Hemet Valley Mall
- Location: W. Florida Avenue (California State Route 74) between N. Kirby Street & N. Gilmore Street
- Coordinates: 33°44′55″N 116°59′45″W﻿ / ﻿33.7487°N 116.9957°W
- Address: 2200 W. Florida Avenue, Hemet, California 92545
- Opened: October 15, 1980
- Owner: M.C. Strauss Company
- Stores: 10+
- Anchor tenants: 3 (2 open, 1 vacant)
- Floors: 1
- Website: thehemetvalleymall.com

= Hemet Valley Mall =

Shopping mall in Hemet, California, United States

Hemet Valley Mall is a small enclosed shopping mall in Hemet, California. It is located on West Florida Avenue (California State Route 74) between North Kirby Street and North Gilmore Street. It is anchored by J.C. Penney and Hobby Lobby, with one vacant anchor last occupied by Sears.

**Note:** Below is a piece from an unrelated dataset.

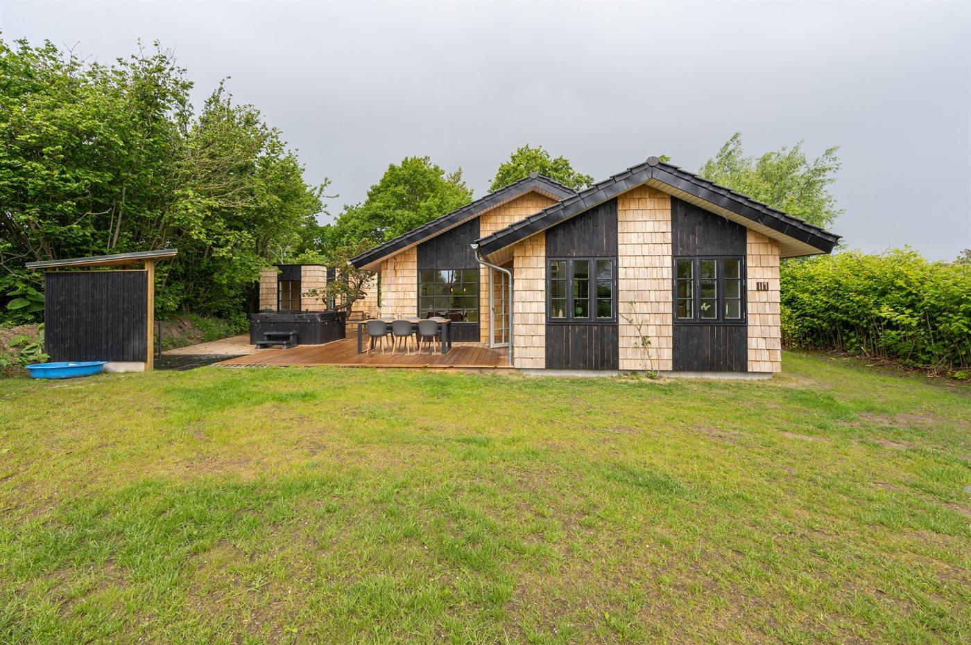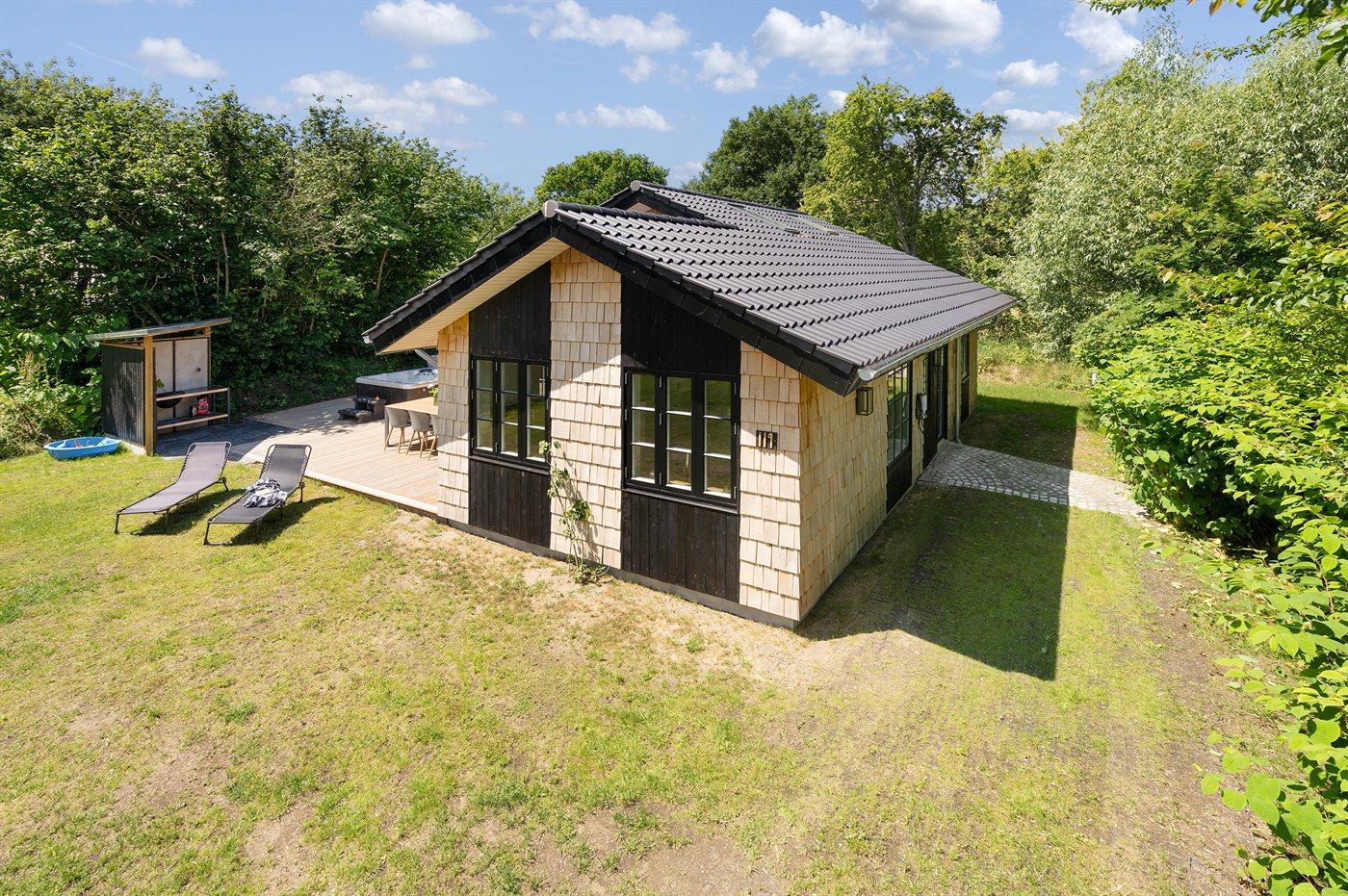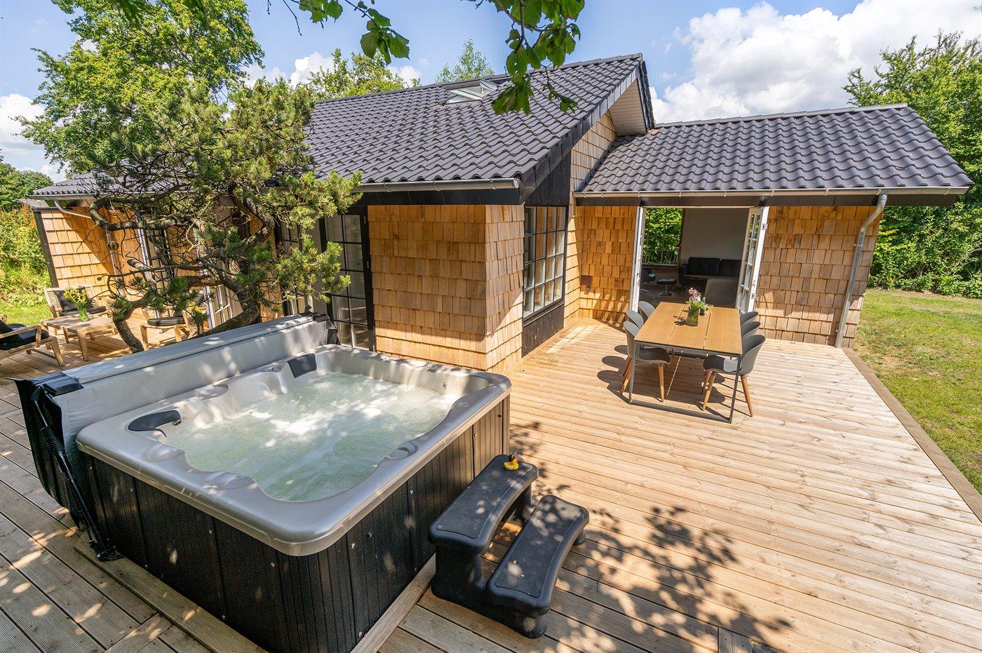 In dem gemütlichen Feriengebiet Skovmose und nahe am guten Badestrand liegt dieses besonders schöne und neu erbaute Ferienhaus. Zum Haus gehört eine Terrasse mit u. a. 6-Pers.-Außenwhirlpool, der das ganze Jahr hindurch benutzt werden kann. Das Haus ist behindertengerecht mit einem wandmontierten Duschstuhl in der Dusche, einem Badehocker am Waschbecken, viel Platz an den Eingangstüren und einer Terrasse mit Zugang über Rampen vom Garten aus.

The mall, which cost $10 million to build, opened on October 15, 1980, with 200000 sqft of retail space. When it opened it was anchored by a 50400 sqft, $1.8-million Harris Company department store (later becoming Harris-Gottschalks in 1999) and a J.C. Penney, plus 40 specialty shops. Sears was then annexed to the mall in 1998, having relocated from standalone store. Gottschalks closed in 2009 due to bankruptcy and was first replaced by Forever 21, and later Hobby Lobby. Sears closed in 2020 as a part of a plan to close 40 stores nationwide.